» STORED DATA:
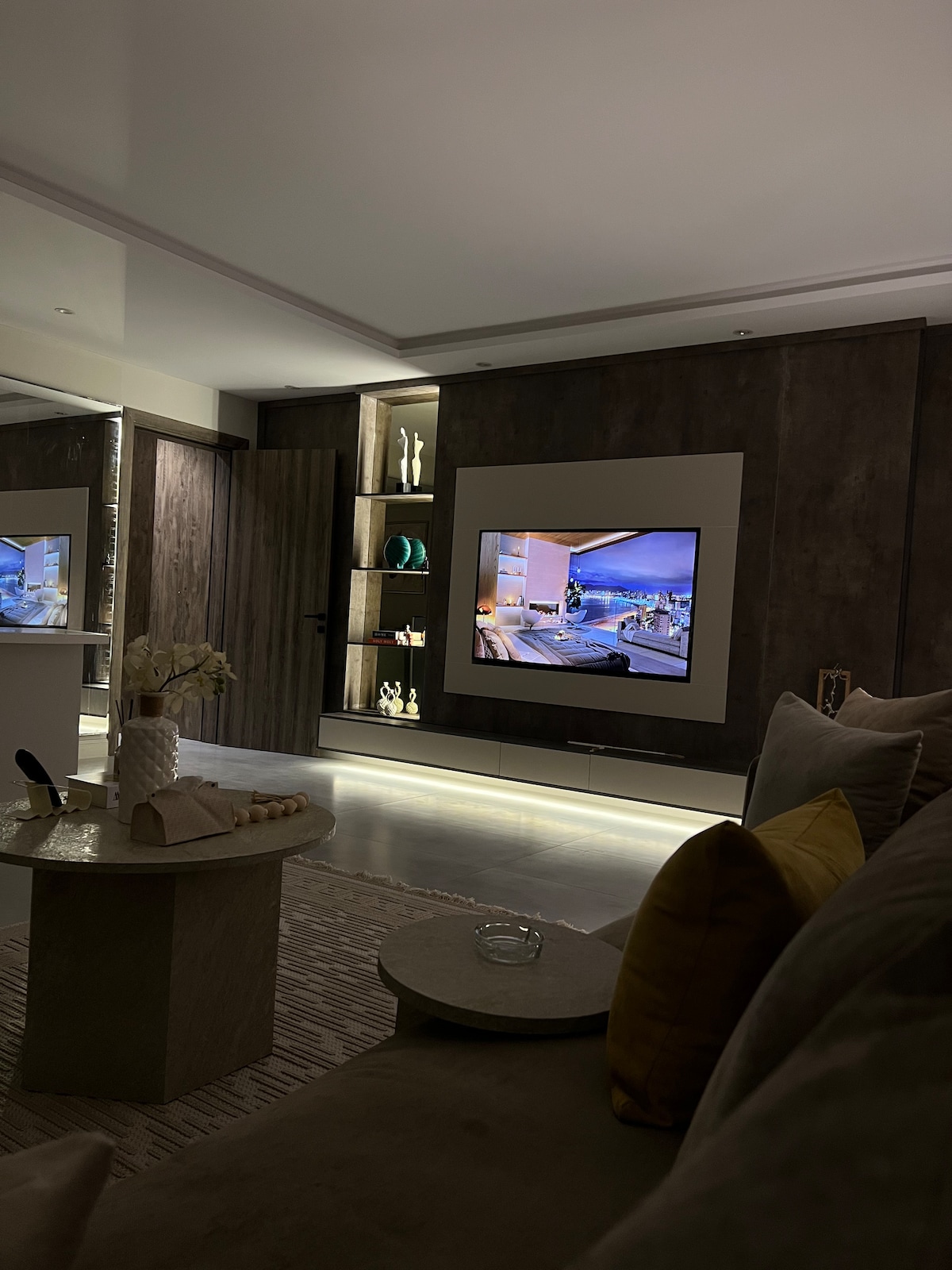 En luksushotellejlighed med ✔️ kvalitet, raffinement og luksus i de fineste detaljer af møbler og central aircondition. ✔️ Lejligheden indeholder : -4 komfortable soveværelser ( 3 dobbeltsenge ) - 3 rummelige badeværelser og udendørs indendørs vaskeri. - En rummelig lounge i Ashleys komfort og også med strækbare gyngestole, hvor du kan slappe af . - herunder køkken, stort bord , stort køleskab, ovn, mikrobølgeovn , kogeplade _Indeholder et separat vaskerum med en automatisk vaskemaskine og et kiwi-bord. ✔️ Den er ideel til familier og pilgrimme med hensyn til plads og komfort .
* * *
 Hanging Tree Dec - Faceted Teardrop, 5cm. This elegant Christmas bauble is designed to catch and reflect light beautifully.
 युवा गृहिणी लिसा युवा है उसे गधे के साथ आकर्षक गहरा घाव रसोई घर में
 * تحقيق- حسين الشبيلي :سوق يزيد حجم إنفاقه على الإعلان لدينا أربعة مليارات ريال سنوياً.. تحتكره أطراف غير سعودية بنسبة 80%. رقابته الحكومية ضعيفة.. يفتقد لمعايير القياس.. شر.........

» YOUR GOAL: Among the entries above, the lines between the ones containing "Hanging Tree Dec" and "لمعايير القياس.. شر.........", inclusive, are to be transcribed exactly. No other line is to be given.

» SOLUTION TO THE PROBLEM:
 Hanging Tree Dec - Faceted Teardrop, 5cm. This elegant Christmas bauble is designed to catch and reflect light beautifully.
 युवा गृहिणी लिसा युवा है उसे गधे के साथ आकर्षक गहरा घाव रसोई घर में
 * تحقيق- حسين الشبيلي :سوق يزيد حجم إنفاقه على الإعلان لدينا أربعة مليارات ريال سنوياً.. تحتكره أطراف غير سعودية بنسبة 80%. رقابته الحكومية ضعيفة.. يفتقد لمعايير القياس.. شر.........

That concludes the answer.